GameStop shares have been circling the bowl since the meme stock frenzy caused shares of the struggling retailer to explode to $500 intraday in late January 2021.
"If you see the prices now [for GameStop] — that tells me that diamond hands or apes, I think it's a lot of talk," Denier said on Yahoo Finance Live. "We are seeing our traders and our investors take money off the table in GameStop."
Coming up on the one-year anniversary of the meme stock boom, GameStop shares are doing anything but going higher.
Shares plunged below $100 on Friday for the first time since just before the beginning of the retail stock buying frenzy last January. The stock has crashed some 71% since their Jan. 27, 2021 closing high.
The king of meme stocks — led by new CEO Matt Furlong (a former Amazon exec) — hasn't expanded too much on its desire to morph into a tech company. Details are scant on GameStop's reported push into launching an NFT marketplace.
Furlong has taken no analyst questions on his first series of earnings calls — calls that have been bizarrely brief and absent details of any kind.
Hence, GameStop's stock has tanked even as it still has many supporters in the retail trader community.
"There is a very vocal minority I think of investors that are involved in this GameStop phenomenon," Denier added.
To be sure, GameStop's fundamentals continue to not be great and nowhere suggesting a turnaround is looming.
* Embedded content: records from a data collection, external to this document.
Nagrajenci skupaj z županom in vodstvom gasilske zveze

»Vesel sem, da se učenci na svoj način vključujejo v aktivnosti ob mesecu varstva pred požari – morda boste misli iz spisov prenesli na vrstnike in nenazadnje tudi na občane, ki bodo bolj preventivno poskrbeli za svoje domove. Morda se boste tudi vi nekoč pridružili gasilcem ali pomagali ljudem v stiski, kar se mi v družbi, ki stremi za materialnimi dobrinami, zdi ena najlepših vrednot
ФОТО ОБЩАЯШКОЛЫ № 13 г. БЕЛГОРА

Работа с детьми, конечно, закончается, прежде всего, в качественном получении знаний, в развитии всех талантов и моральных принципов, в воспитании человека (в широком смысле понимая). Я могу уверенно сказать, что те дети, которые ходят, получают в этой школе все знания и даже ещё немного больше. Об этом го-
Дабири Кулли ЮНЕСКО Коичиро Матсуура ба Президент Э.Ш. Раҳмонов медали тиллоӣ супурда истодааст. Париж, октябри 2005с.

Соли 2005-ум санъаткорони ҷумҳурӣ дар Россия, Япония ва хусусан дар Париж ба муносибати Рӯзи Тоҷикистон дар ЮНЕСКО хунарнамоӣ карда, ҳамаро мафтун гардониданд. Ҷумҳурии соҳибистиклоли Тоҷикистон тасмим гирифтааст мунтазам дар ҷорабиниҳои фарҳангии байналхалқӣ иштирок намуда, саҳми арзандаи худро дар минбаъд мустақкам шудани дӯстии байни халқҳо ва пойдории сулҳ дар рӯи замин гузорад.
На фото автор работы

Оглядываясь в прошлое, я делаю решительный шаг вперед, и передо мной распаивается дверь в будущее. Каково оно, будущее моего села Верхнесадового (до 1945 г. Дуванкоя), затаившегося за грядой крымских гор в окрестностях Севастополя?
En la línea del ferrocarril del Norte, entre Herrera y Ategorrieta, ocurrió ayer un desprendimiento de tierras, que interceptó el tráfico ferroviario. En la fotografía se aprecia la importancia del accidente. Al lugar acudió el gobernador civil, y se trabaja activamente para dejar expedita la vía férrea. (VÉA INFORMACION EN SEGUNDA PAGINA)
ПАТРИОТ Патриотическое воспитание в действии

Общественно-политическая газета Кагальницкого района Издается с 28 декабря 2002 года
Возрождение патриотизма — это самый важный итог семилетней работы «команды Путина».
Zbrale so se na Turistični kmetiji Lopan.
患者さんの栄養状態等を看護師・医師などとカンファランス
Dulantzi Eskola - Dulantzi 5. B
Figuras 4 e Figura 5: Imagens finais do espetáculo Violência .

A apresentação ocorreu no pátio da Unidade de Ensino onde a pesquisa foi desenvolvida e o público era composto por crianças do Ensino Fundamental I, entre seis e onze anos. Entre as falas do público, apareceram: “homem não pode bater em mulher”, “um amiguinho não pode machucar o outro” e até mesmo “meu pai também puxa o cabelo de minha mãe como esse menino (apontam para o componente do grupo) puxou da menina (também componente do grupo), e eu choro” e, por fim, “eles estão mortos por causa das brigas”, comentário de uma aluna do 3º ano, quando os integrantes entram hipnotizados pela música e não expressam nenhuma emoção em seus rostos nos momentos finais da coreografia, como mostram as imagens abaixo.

For the 39-weeks ended Oct. 30, GameStop has posted an operating loss of $201.7 million.
Microsoft's $68.7 billion play for gaming publisher Activision Blizzard isn't helping sentiment on GameStop, either.
"Microsoft's acquisition of Activision Blizzard changes the scope of key inputs into our prospective GameStop model. Both companies are key vendors to GameStop. A combo fortifies power over the retailer; could reshape volumes for Activision titles if made exclusive to Xbox; and portends a more rapid transition to cloud-driven IP gaming," said Jefferies analyst Stephanie Wissink in a research note this week.